GOAL OF THE EXERCISE
Your answer should hold the data exactly as given, minus any picture.

** Opening GIVEN INFORMATION block **

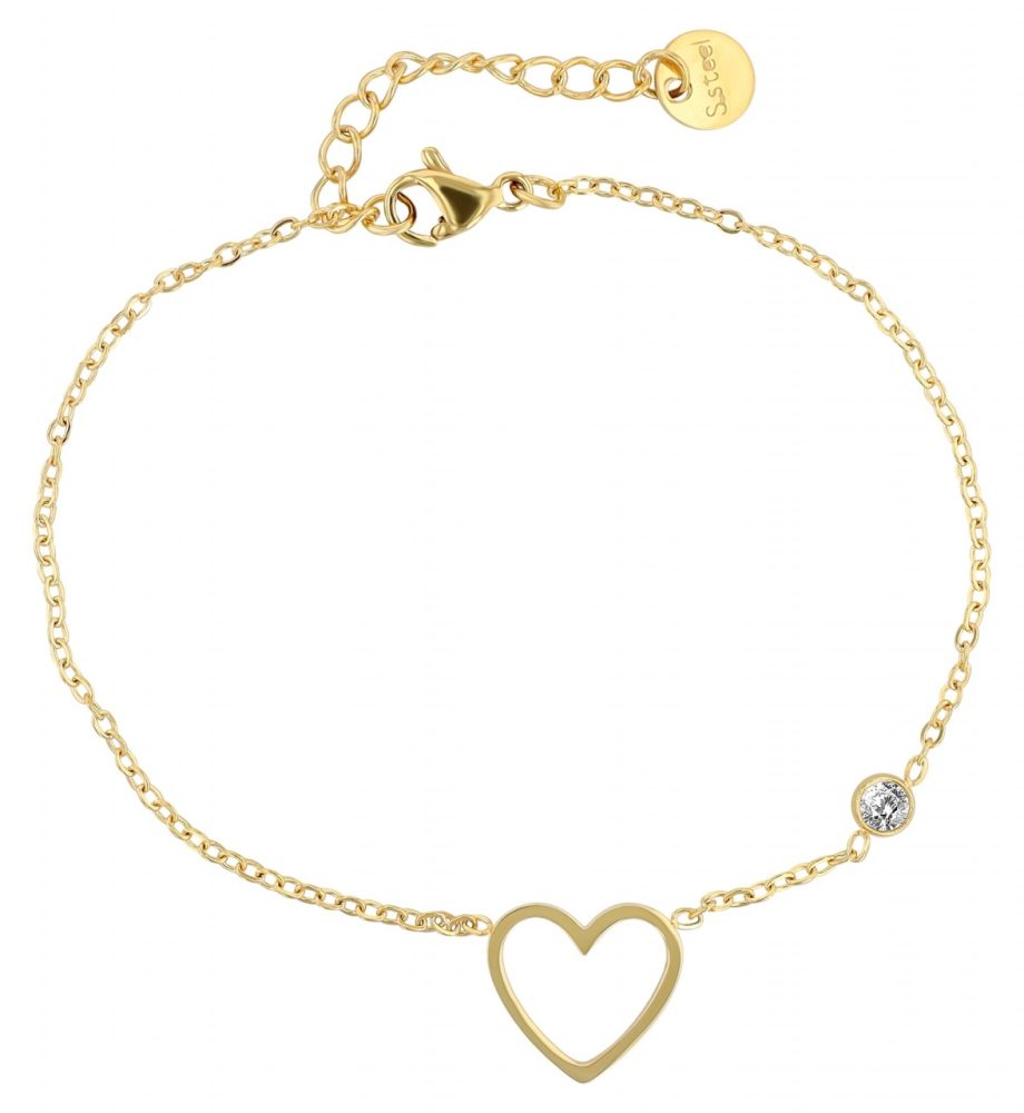 Pulseira em aço inoxidável “Anjul”, coração prateado e dourado, 1,2 x 1,1 cm. 1 zircão redondo 17 cm + extensão 3 cm. Fecho lagosta.
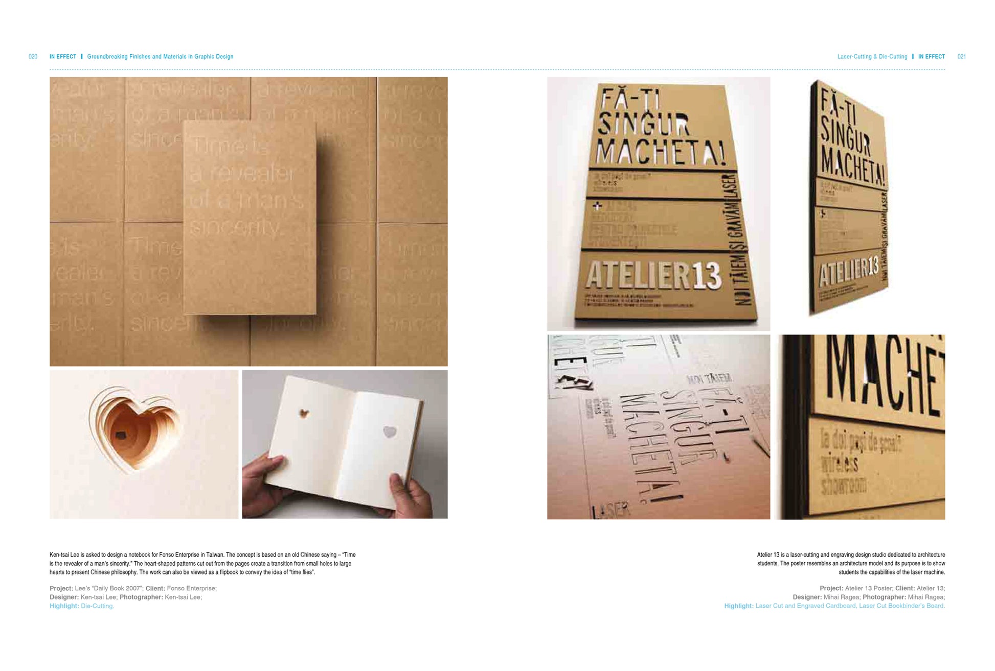 The selection of the right material and finishes is an inevitable and vital task for almost every designer. In Effect explores the field of graphic design to present readers the perfect combination of materials and techniques through outstanding works of design as well as the varied effects techniques may produce in different materials. This book is essential for any designer who wants to explore new materials and approaches to seek inspirations.
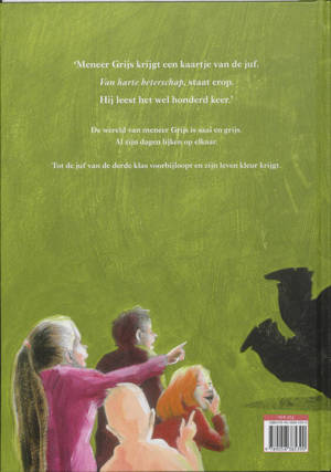 Een poëtisch prentenboek over een onbeantwoorde liefde en de zoektocht naar een plek waar je thuishoort (5+). In de klas spelen de kinderen. Meneer Grijs laat ze maar doen en kijkt uit het raam. Waar blijft die regen toch vandaan komen? Dan ziet hij haar. Ze loopt over het schoolplein. Ze is de juf van de derde klas. Wat beweegt ze mooi, denkt Meneer Grijs. Het leven van de onhandige Meneer Grijs is grijs en saai. Alle dagen lijken op elkaar. Dat verandert wanneer hij de juf van de derde klas ziet. Opeens komt er kleur in zijn leven...
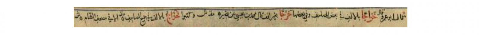 [1] قال في المقنع: «{أم تسئلهم خراجًا} بألِف، وفي بعضها {خرجًا} بغير ألِف، وكتبوا {فخراج ربك} في جميع المصاحف بالألِف». ينظر: المقنع في رسم مصاحف الأمصار، أبو عمرو الداني، مكتبة الكليات الأزهرية، القاهرة، (1/100).

** Closing GIVEN INFORMATION block **

TASK OUTPUT
 Pulseira em aço inoxidável “Anjul”, coração prateado e dourado, 1,2 x 1,1 cm. 1 zircão redondo 17 cm + extensão 3 cm. Fecho lagosta.
 The selection of the right material and finishes is an inevitable and vital task for almost every designer. In Effect explores the field of graphic design to present readers the perfect combination of materials and techniques through outstanding works of design as well as the varied effects techniques may produce in different materials. This book is essential for any designer who wants to explore new materials and approaches to seek inspirations.
 Een poëtisch prentenboek over een onbeantwoorde liefde en de zoektocht naar een plek waar je thuishoort (5+). In de klas spelen de kinderen. Meneer Grijs laat ze maar doen en kijkt uit het raam. Waar blijft die regen toch vandaan komen? Dan ziet hij haar. Ze loopt over het schoolplein. Ze is de juf van de derde klas. Wat beweegt ze mooi, denkt Meneer Grijs. Het leven van de onhandige Meneer Grijs is grijs en saai. Alle dagen lijken op elkaar. Dat verandert wanneer hij de juf van de derde klas ziet. Opeens komt er kleur in zijn leven...
 [1] قال في المقنع: «{أم تسئلهم خراجًا} بألِف، وفي بعضها {خرجًا} بغير ألِف، وكتبوا {فخراج ربك} في جميع المصاحف بالألِف». ينظر: المقنع في رسم مصاحف الأمصار، أبو عمرو الداني، مكتبة الكليات الأزهرية، القاهرة، (1/100).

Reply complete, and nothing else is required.